> WHAT YOU NEED TO DO
Without pictures, repeat exactly the lines from the one containing "FCIインターナショナルチャンピオンタイトル取得に関する改正" through the end of the entries.
___ RECORD SET ___
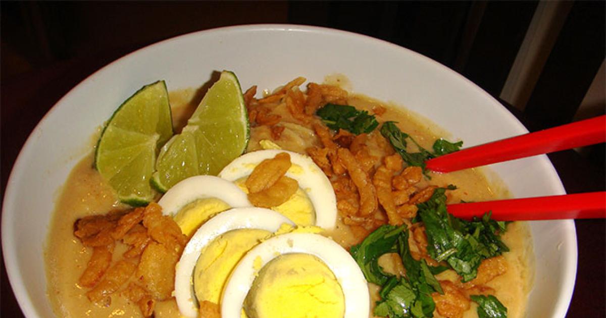 Burmese Khow Suey is a soup-cum-meal made with egg noodles, curried chicken and coconut milk.
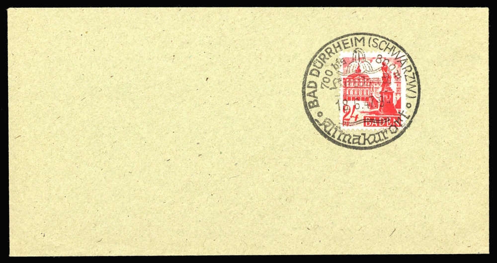 "BAD DÜRRHEIM 18.6.47 KLIMAKURORT", Ortswerbestempel auf Blankobrief mit 24 Pfg. Rastatt
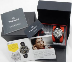 This Senna Edition F1 chronograph is our latest estate watch and one of the last to pay homage to the Link series of Tag Heuer watches. Aryton wore many Tag Heuer watches and more often than not they were one of various S/el (Sports Elegance) models (later renamed “Link”). This rare Senna Edition CAZ201B is seldom seen with yellow highlights on the dial, bezel, crown, start/stop button, and strap stitching. In keeping with the unique bracelet pattern of the original S/el and Link models, this watch features the same pattern embossed on to the black leather strap.
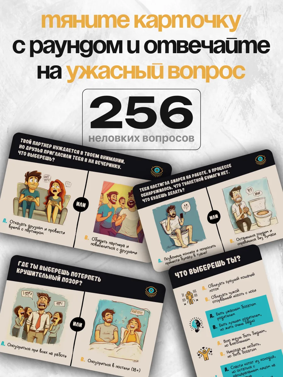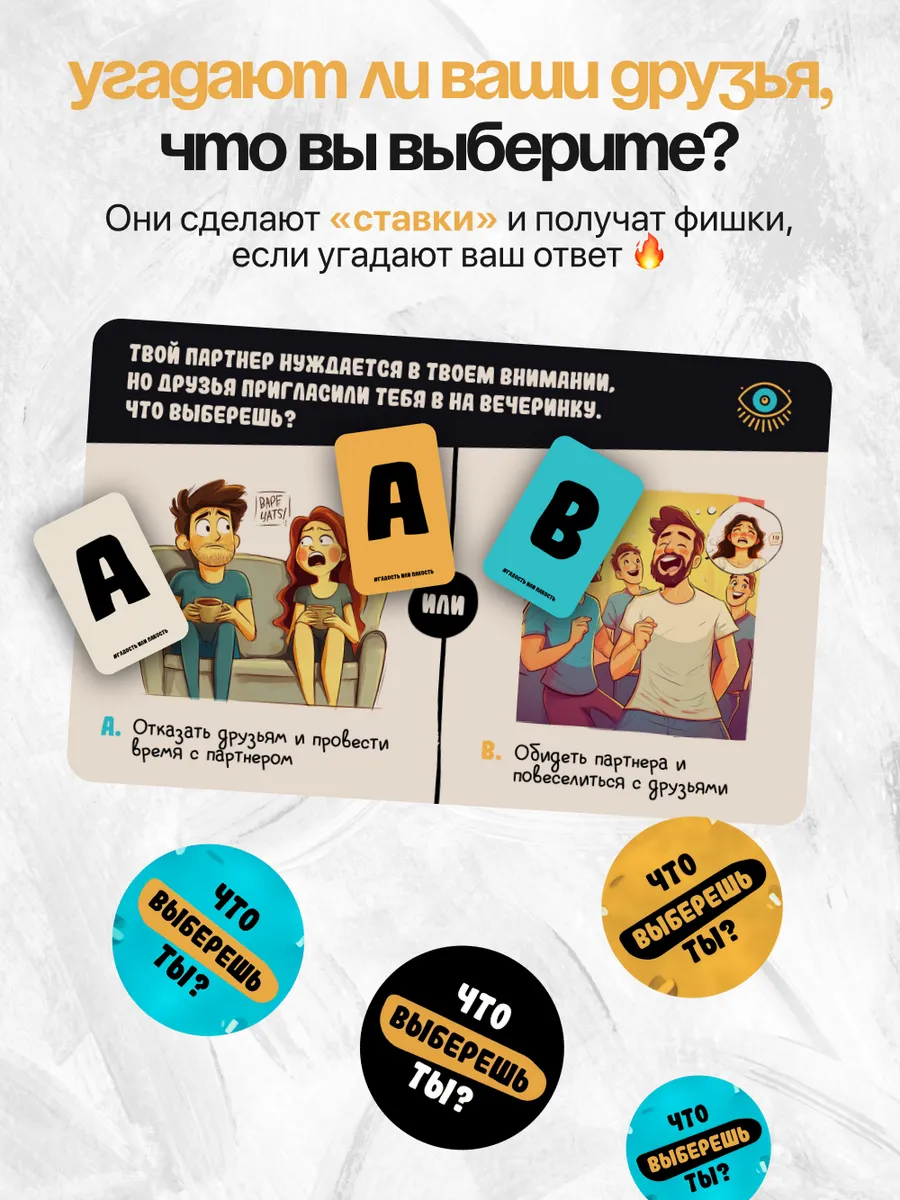 Гадость или Пакость" — это веселая и провокационная настольная игра, которая заставит вас смеяться, краснеть и удивляться! Идеально подходит для компании друзей, готовых к неловким ситуациям и искрометному юмору.Как играть?Каждый раунд начинается с того, что игрок тянет карту с неудобным или забавным вопросом. Например: "Что бы вы предпочли: никогда не мыться или носить одну и ту же одежду год?" Игрок выбирает один из предложенных ответов, а остальные участники должны угадать, какой вариант он выбрал. Игроки ставят свои фишки на предполагаемый ответ. Если кто-то угадывает правильно, он забирает фишки тех, кто ошибся. Если же никто не угадал, фишки достаются игроку, который выбирал ответ. Что делает игру особенной?- 112 карточек с неловкими, смешными и порой абсурдными вопросами, которые гарантируют взрывы смеха и неожиданные откровения. - 75 фишек для ставок, которые добавляют азарта и динамики в игру. - Простые правила, которые позволяют начать играть буквально за минуту. - Идеально для вечеринок, семейных посиделок или любого случая, когда нужно разрядить обстановку.
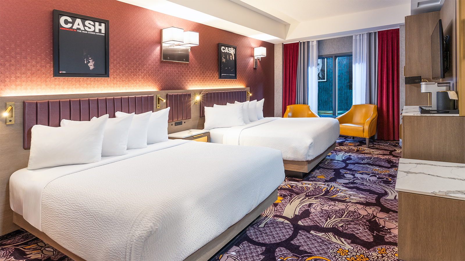 Our Gallery View Double Queen Rooms offer a stylish retreat with two plush queen-size beds, sleek furnishings, and modern amenities. Overlooking a light-filled interior gallery, these rooms provide a peaceful, comfortable escape- perfect for families, friends, or anyone seeking a quiet getaway.
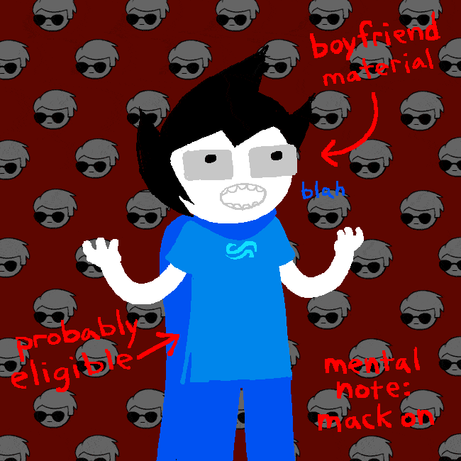 ==> Currently, there are three iterations of Dave that I have on my muse list. More may be added in the future.==> Post-SBURB Dave is my main Dave muse. There's not really too much to explain here; his timeline essentially follows the alpha/post-retcon timeline in canon and he resides on Earth C. Basically just your average, vanilla Dave. He's currently 27 years old, and sometimes I'll throw in a detail or two about him living with John depending on the specific roleplay. This Dave is not Epilogue/HS2-compliant.==> Knockoff Epilogues Dave is my secondary Dave muse, though I don't play him very often. Some concepts from the Candy Epilogues are incorporated into his lore, but he doesn't actually originate from the Candy timeline. He and John are estranged lovers who aren't over each other in the slightest, and haven't seen each other in years. Dave has also been through two divorces with Karkat and Jade, now living alone in the aftermath. There's a lot of detailed lore with this guy, so if you're curious or want to hit him up in roleplay, you can ask me for the full details.==> Davebot is my third Dave muse, and the newest addition! His timeline pretty much follows the Candy epilogue and HS2 exactly. He's currently situated on a ship with alternate Calliope and Aradia, venturing off to confront Dirk from the Meat timeline as seen in HS2. He primarily communicates with others through Pesterchum.
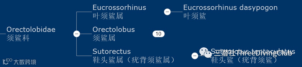Orectolobidae须鲨科下三属,其中叶须鲨属和鞋头鲨属(疣背须鲨属)各有一物种。
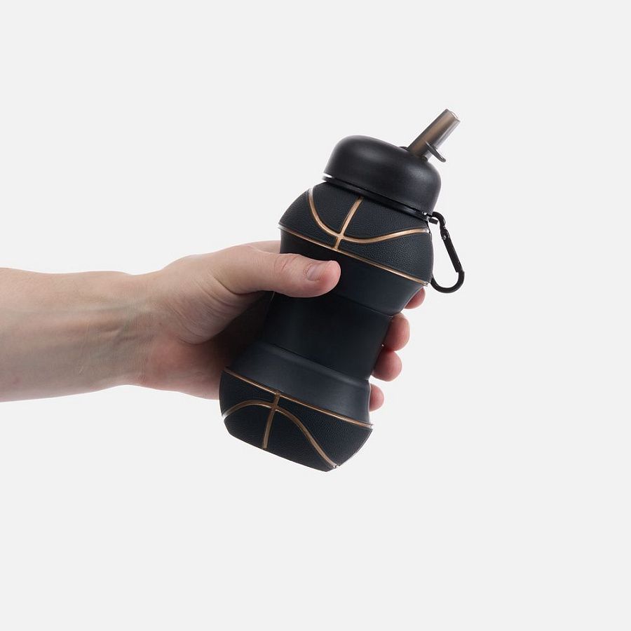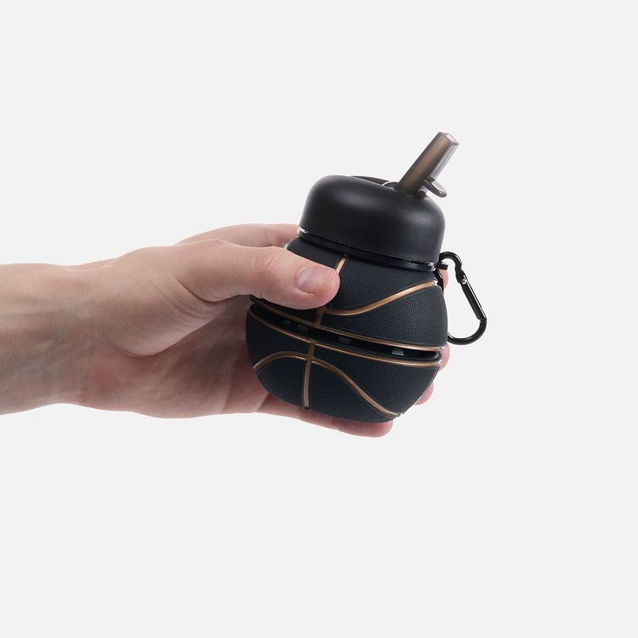 Складная бутылка Basketball Flex — подходящий вариант подарка как для игроков, так и для фанатов баскетбола. За вау-эффект отвечает скрытое нанесение: печать осуществляется на съемном силиконовом кольце в середине изделия и становится заметна, только если раскрыть бутылку полностью.
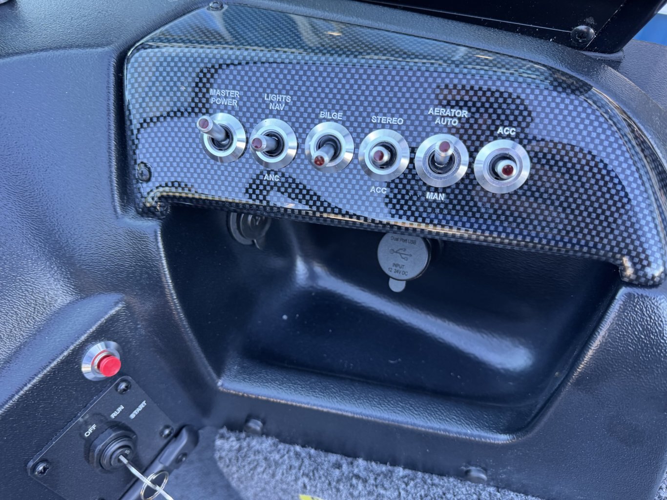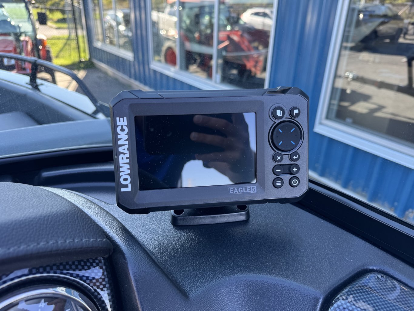 Mercury 115HP Pro XS, Trailer, Bow Cushions & Rails, Lowrance Eagle 5 Chartplotter/ Fish Finder, Minn Kota PD55 Trolling Motor, 2 Bank Battery Charger, Bluetooth Stereo W/ 4 Speakers , Cover, Ski Pylon, 3 Pedestal Seats, 2 Stern Deck Jump Seats, Livewell, Flip up Stainless Cleats, Vinyl Cockpit Floor, Tilt Steering, Ratchet Tie Downs
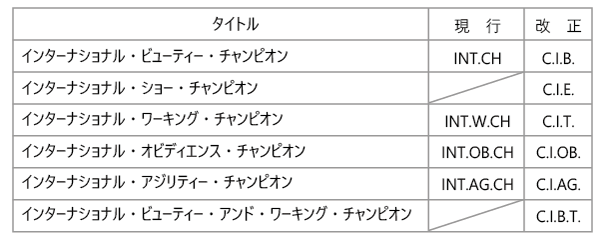 FCIインターナショナルチャンピオンタイトル取得に関する改正
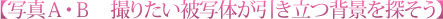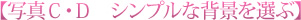 写真Dはゴチャゴチャとしているのに対し、写真Cはシンプルな場所を選んで背景にしています。
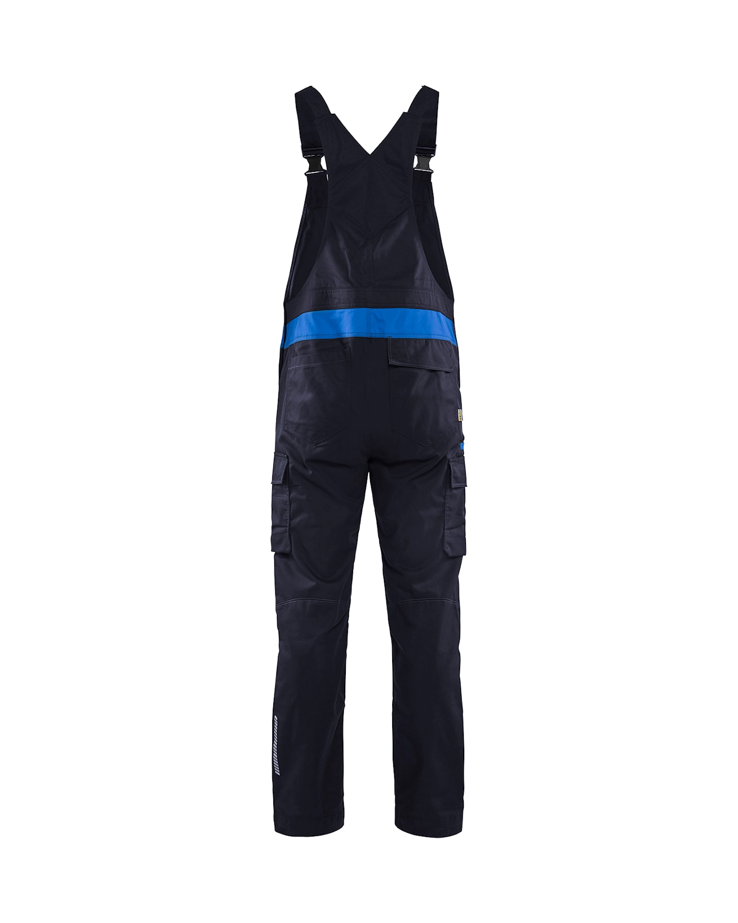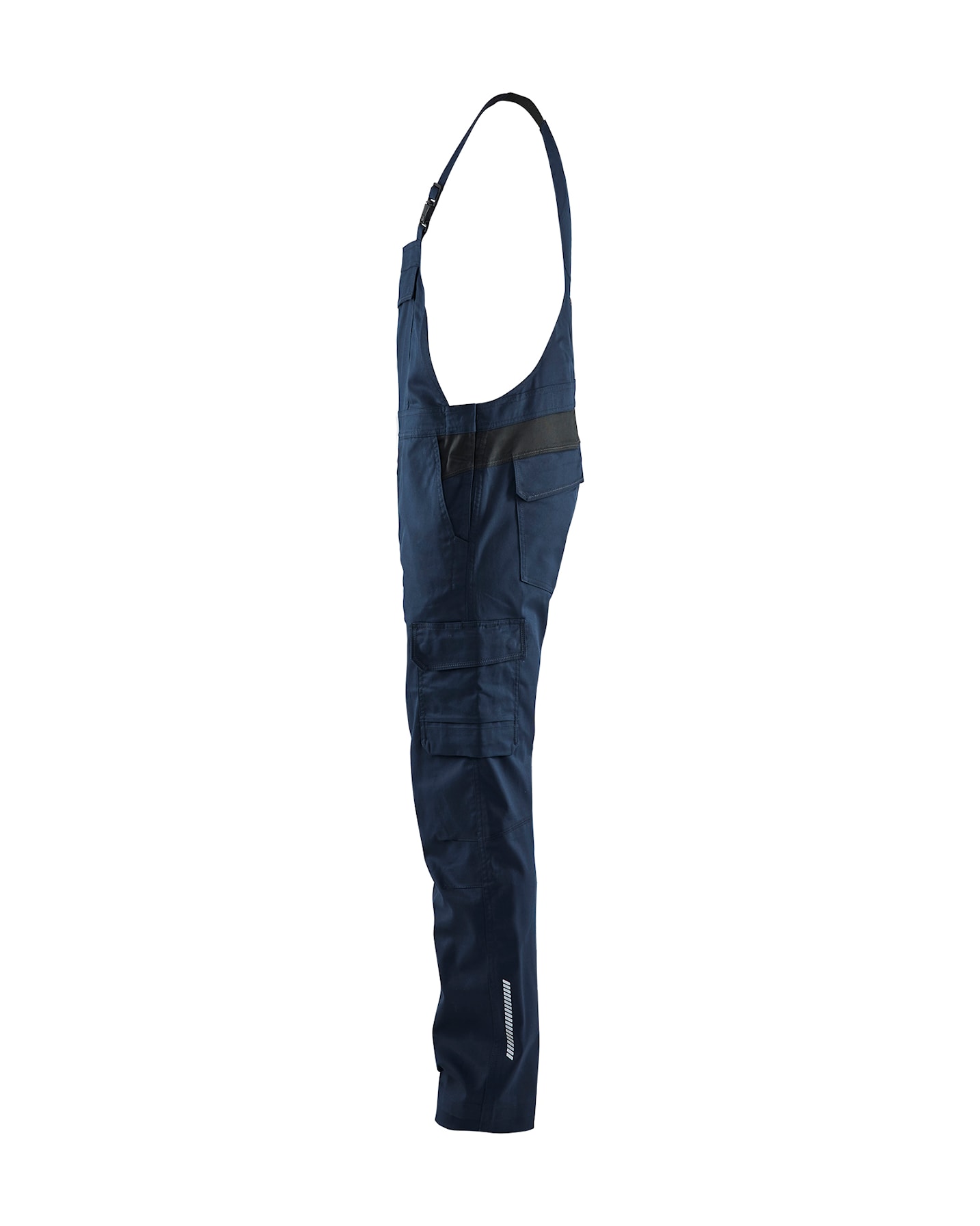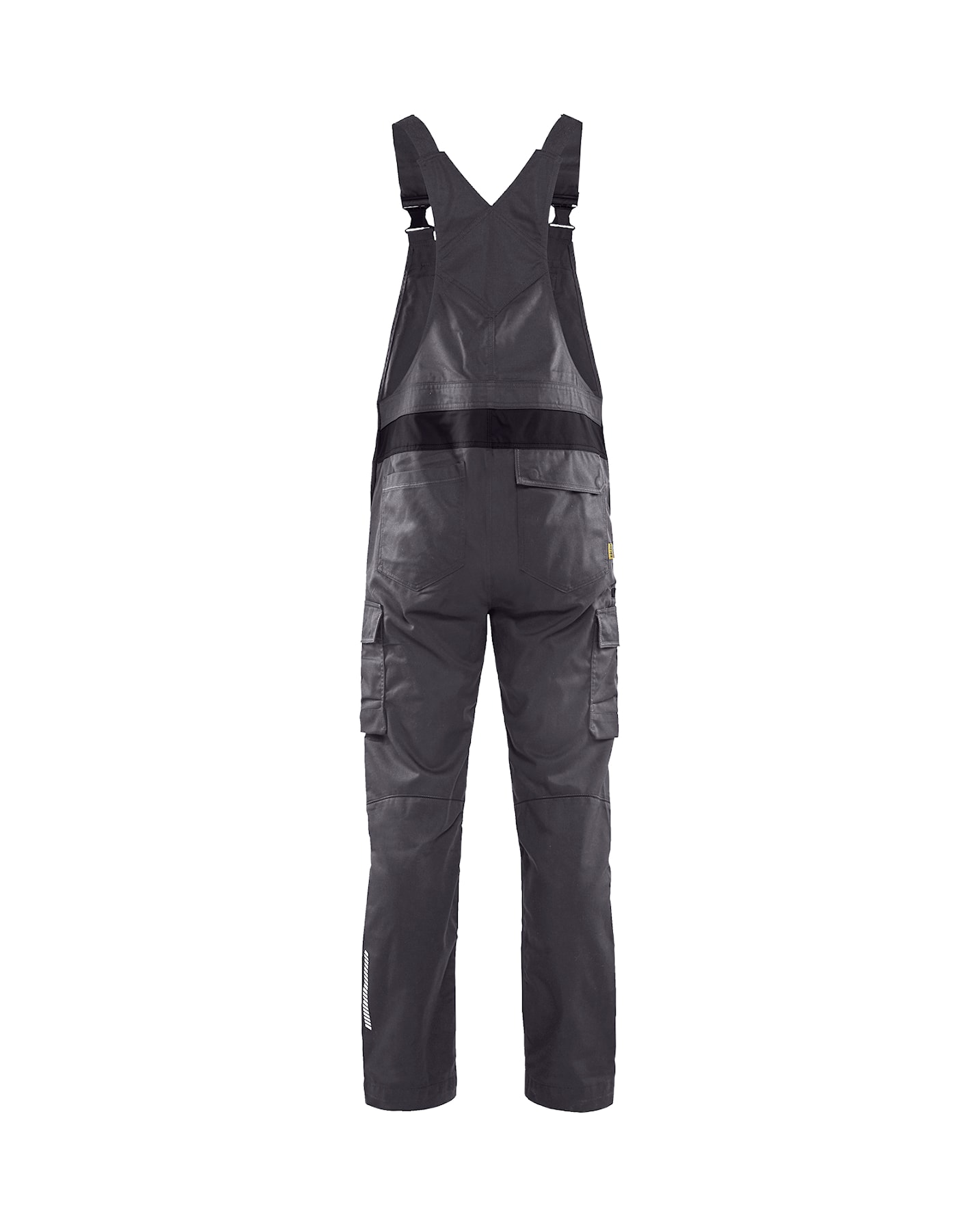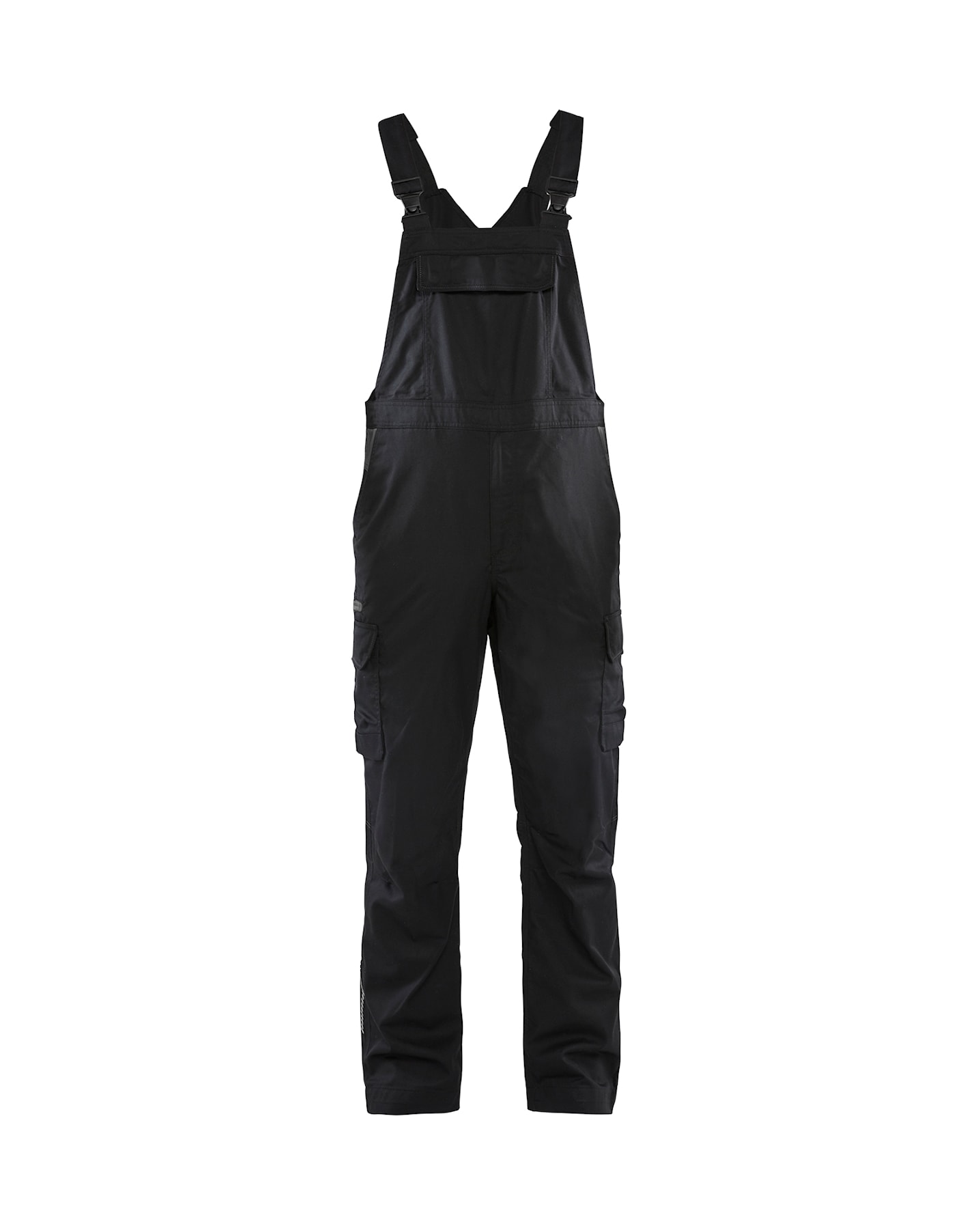 Blåkläderin uuteen teollisuusmallistoon kuuluva lappuhaalari, joka ei naarmuta ja kestää teollisuuspesun. Kangas on kahteen suuntaan joustava. Peitetyt yksityiskohdat kuten mittatasku sisäpuolella ja peitetyt painonapit tekevät haalarista turvallisen, kun työskennellään herkästi naarmuuntuvien pintojen kanssa. Heijastavat yksityiskohdat lisäävät näkyvyyttä.
___
> ANSWER BOX
 FCIインターナショナルチャンピオンタイトル取得に関する改正
 写真Dはゴチャゴチャとしているのに対し、写真Cはシンプルな場所を選んで背景にしています。
 Blåkläderin uuteen teollisuusmallistoon kuuluva lappuhaalari, joka ei naarmuta ja kestää teollisuuspesun. Kangas on kahteen suuntaan joustava. Peitetyt yksityiskohdat kuten mittatasku sisäpuolella ja peitetyt painonapit tekevät haalarista turvallisen, kun työskennellään herkästi naarmuuntuvien pintojen kanssa. Heijastavat yksityiskohdat lisäävät näkyvyyttä.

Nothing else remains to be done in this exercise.